Pode não ser um clássico e certamente não o será. A Nigéria ainda teve alguns bons momentos em mundiais anteriores, mas não foi além da esperança. O Irã já está no lucro só em participar da Copa. Tanto que ontem os seus jogadores vibraram até mesmo no treino para conhecer o estádio e o gramado do velho Joaquim Américo, a nova Arena da Baixada, que finalmente tem seu dia de inauguração oficial.

Mas, seja como for, é um marco histórico e só se aguarda o melhor para a imagem da Baixada e de Curitiba, expostos aos 3 bilhões de espectadores de todo o mundo. E esse é, enfim, o grande legado da Copa.

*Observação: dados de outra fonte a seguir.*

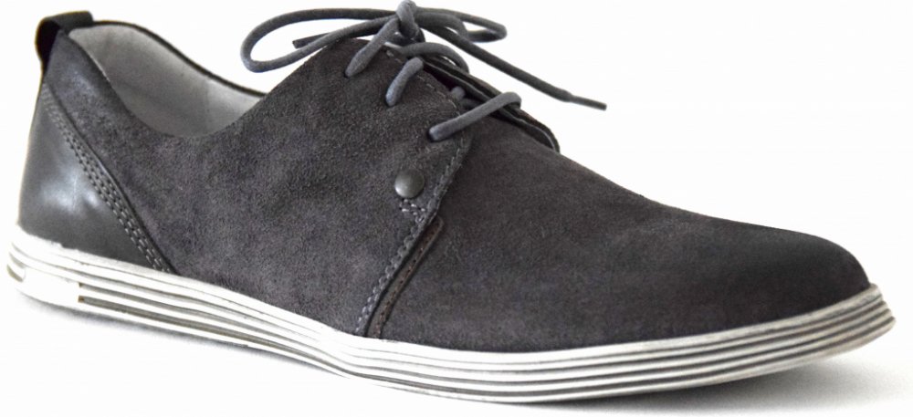 Pánská celoroční vycházková obuv Kacper je na šněrování. Obuv je vyrobena z broušené kůže v kombinaci s hladkou kůží na patě. Špička je stíraná. Obuv je jednoduchého střihu a je zdobená pouze jemným šitím. Díky kožené stélce je obuv komfortní a pohodlná.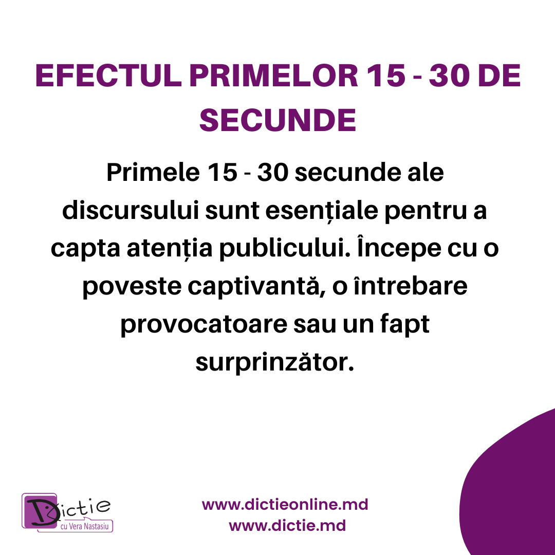 • Introducere (1 minut): Începe cu un „hook” pentru a capta atenția. Poate fi o poveste scurtă, un citat, o întrebare retorică sau un fapt surprinzător. Prezintă-ți pe scurt tema.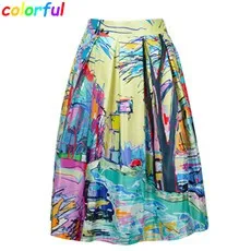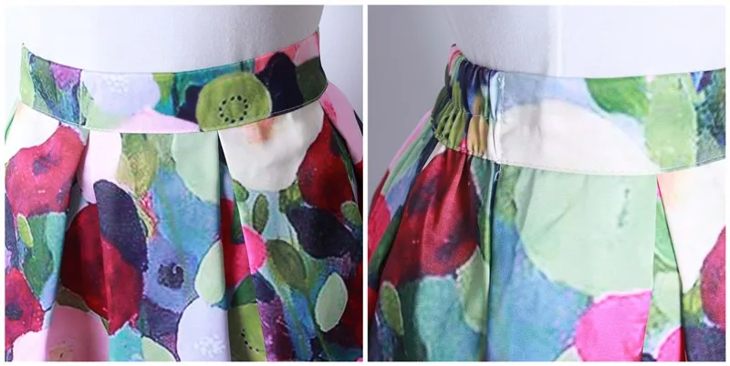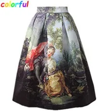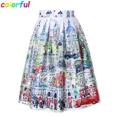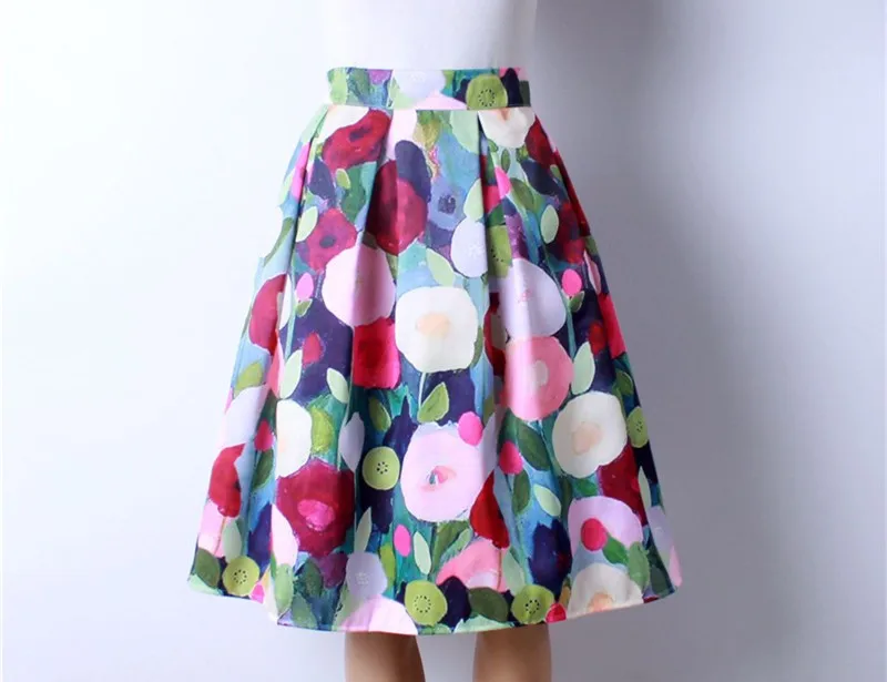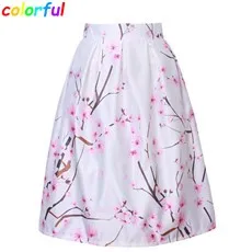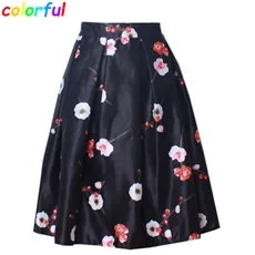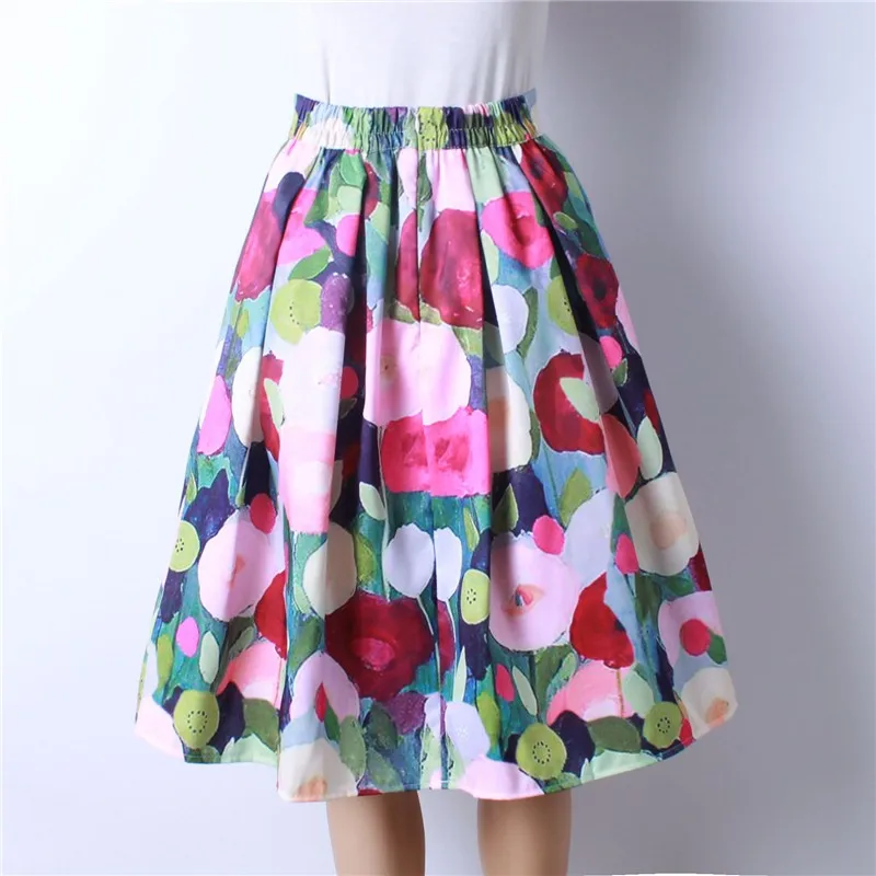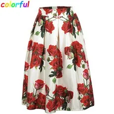 New Flared Satin Women Skirt Retro Ladies Elegant Fashion Floral Printed High Waist Midi Skirt Holiday Saia Femininas SK809

Com direito até ao uso dos recursos do "gol tecnológico", validando um dos gols de ontem, da França, sobre Honduras, o Mundial transcorre sem grandes sobressaltos em seus primeiros dias. Confirma na festa de arquibancada a expectativa de muito interesse e vibração, passa por cima de algumas poucas manifestações oportunistas e, dentro de campo, exceto pela surpresa da Costa Rica vencendo o Uruguai, tudo segue seu percurso normal.

A começar pela seleção brasileira, que superou a pressão da partida de estreia com a virada sobre a Croácia e, acredita-se, estará mais à vontade para enfrentar o México na partida de amanhã, em Fortaleza. Os mexicanos tiveram de fazer três gols para valer um no triunfo sobre Camarões, mas não mostraram a mesma força e a mesma pegada de outros tempos, inclusive daquele confronto de final olímpica que venceram contra nós.

E ontem foi a vez da estreia argentina. Muito abaixo da expectativa, a marcação bósnia sobre Messi foi intensa e ele praticamente não conseguiu encontrar espaço. Na única chance, fez o gol que garantiu a vitória.

E para quem achou dureza a estreia do Brasil sobre a Croácia, a apertada vitória argentina mostrou que o nível técnico dessa Copa é muito equilibrado e que os detalhes farão a diferença.